Exercise.
Transcribe all of the data exactly. Images stay out.
== Segment start ==
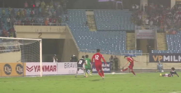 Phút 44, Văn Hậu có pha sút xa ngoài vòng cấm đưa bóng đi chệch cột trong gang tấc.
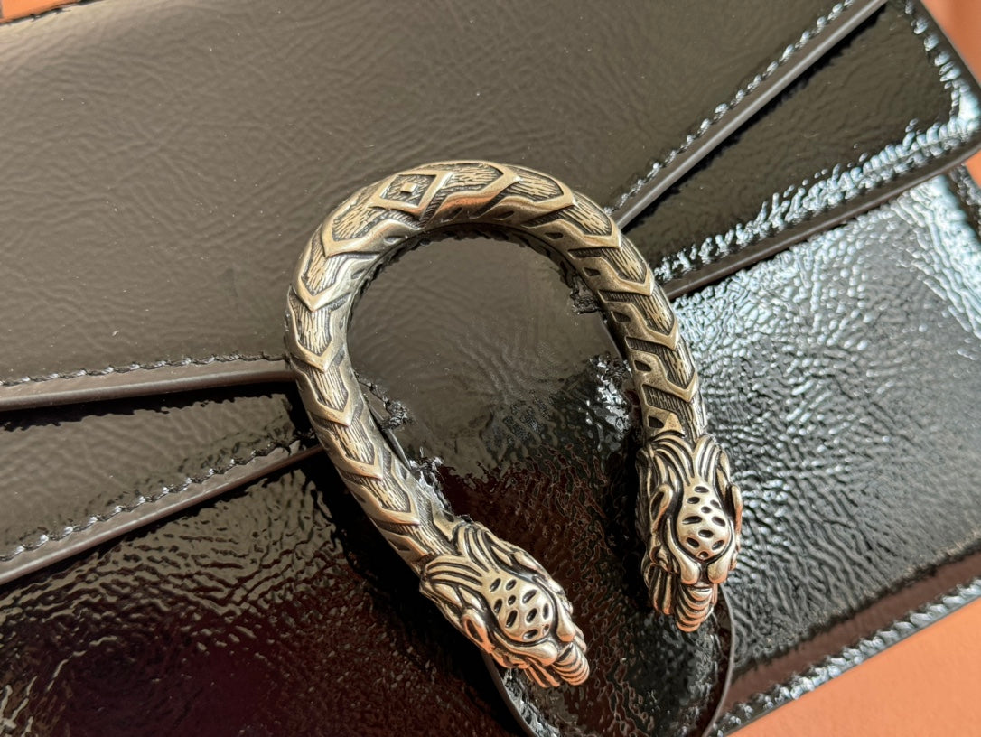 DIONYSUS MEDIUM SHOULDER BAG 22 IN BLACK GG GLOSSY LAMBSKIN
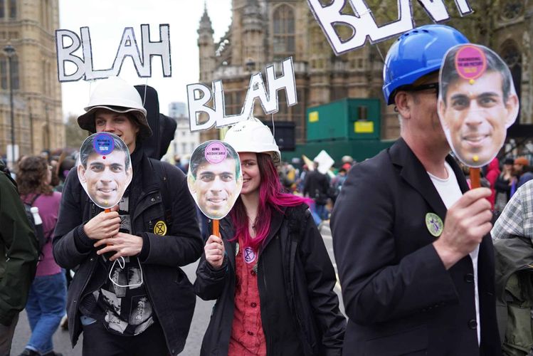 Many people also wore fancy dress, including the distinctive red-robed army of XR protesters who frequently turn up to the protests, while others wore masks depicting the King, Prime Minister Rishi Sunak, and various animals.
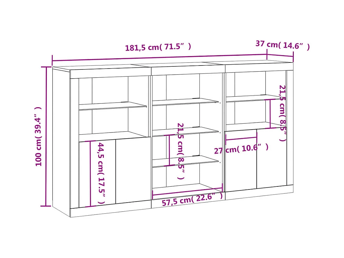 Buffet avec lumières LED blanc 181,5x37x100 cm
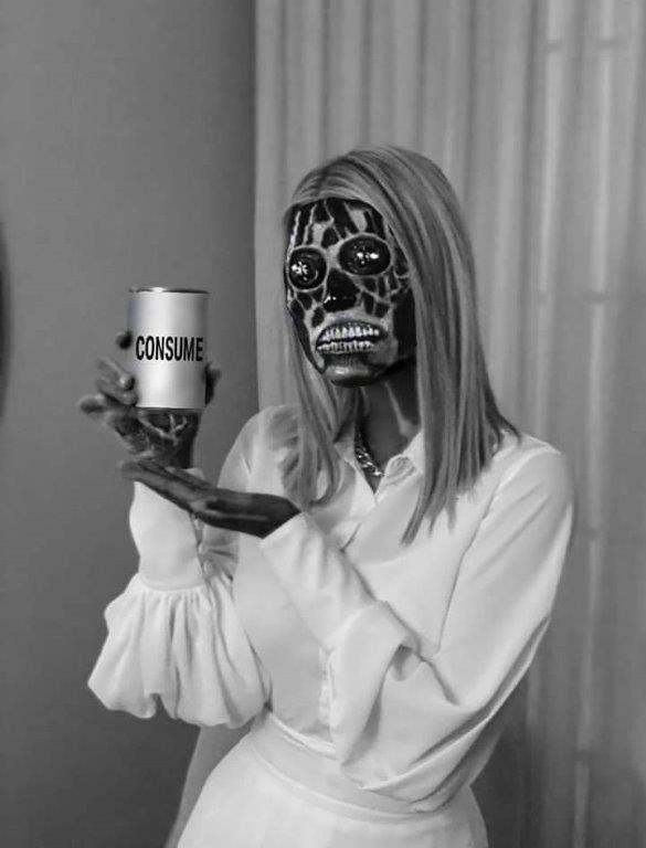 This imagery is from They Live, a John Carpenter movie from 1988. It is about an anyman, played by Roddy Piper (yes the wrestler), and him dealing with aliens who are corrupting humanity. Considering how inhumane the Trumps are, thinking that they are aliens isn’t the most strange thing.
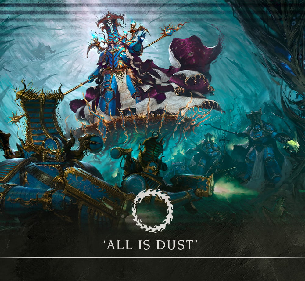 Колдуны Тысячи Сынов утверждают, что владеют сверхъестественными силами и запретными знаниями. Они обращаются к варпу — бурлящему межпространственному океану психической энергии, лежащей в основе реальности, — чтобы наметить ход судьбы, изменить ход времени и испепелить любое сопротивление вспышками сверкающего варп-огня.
== Segment end ==
Exercise output.
 Phút 44, Văn Hậu có pha sút xa ngoài vòng cấm đưa bóng đi chệch cột trong gang tấc.
 DIONYSUS MEDIUM SHOULDER BAG 22 IN BLACK GG GLOSSY LAMBSKIN
 Many people also wore fancy dress, including the distinctive red-robed army of XR protesters who frequently turn up to the protests, while others wore masks depicting the King, Prime Minister Rishi Sunak, and various animals.
 Buffet avec lumières LED blanc 181,5x37x100 cm
 This imagery is from They Live, a John Carpenter movie from 1988. It is about an anyman, played by Roddy Piper (yes the wrestler), and him dealing with aliens who are corrupting humanity. Considering how inhumane the Trumps are, thinking that they are aliens isn’t the most strange thing.
 Колдуны Тысячи Сынов утверждают, что владеют сверхъестественными силами и запретными знаниями. Они обращаются к варпу — бурлящему межпространственному океану психической энергии, лежащей в основе реальности, — чтобы наметить ход судьбы, изменить ход времени и испепелить любое сопротивление вспышками сверкающего варп-огня.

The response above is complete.